(Data shown)

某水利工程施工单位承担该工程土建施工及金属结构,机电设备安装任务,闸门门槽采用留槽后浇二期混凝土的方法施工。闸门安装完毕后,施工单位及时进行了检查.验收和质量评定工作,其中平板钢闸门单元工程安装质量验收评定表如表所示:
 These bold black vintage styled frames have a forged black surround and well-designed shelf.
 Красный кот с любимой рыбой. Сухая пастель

(End Data shown)
(Data shown)

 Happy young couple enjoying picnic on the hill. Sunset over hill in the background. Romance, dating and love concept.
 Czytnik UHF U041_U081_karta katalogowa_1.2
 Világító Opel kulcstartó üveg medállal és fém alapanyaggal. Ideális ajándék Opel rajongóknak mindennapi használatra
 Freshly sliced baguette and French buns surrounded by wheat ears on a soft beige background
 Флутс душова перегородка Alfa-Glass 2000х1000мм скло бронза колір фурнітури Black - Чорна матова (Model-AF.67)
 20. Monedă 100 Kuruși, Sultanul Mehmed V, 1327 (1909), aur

(End Data shown)

> [What you have to do]: Looking at the material above, please state how many lines include the string "background", and give only that number.

> [Finished exercise]: 2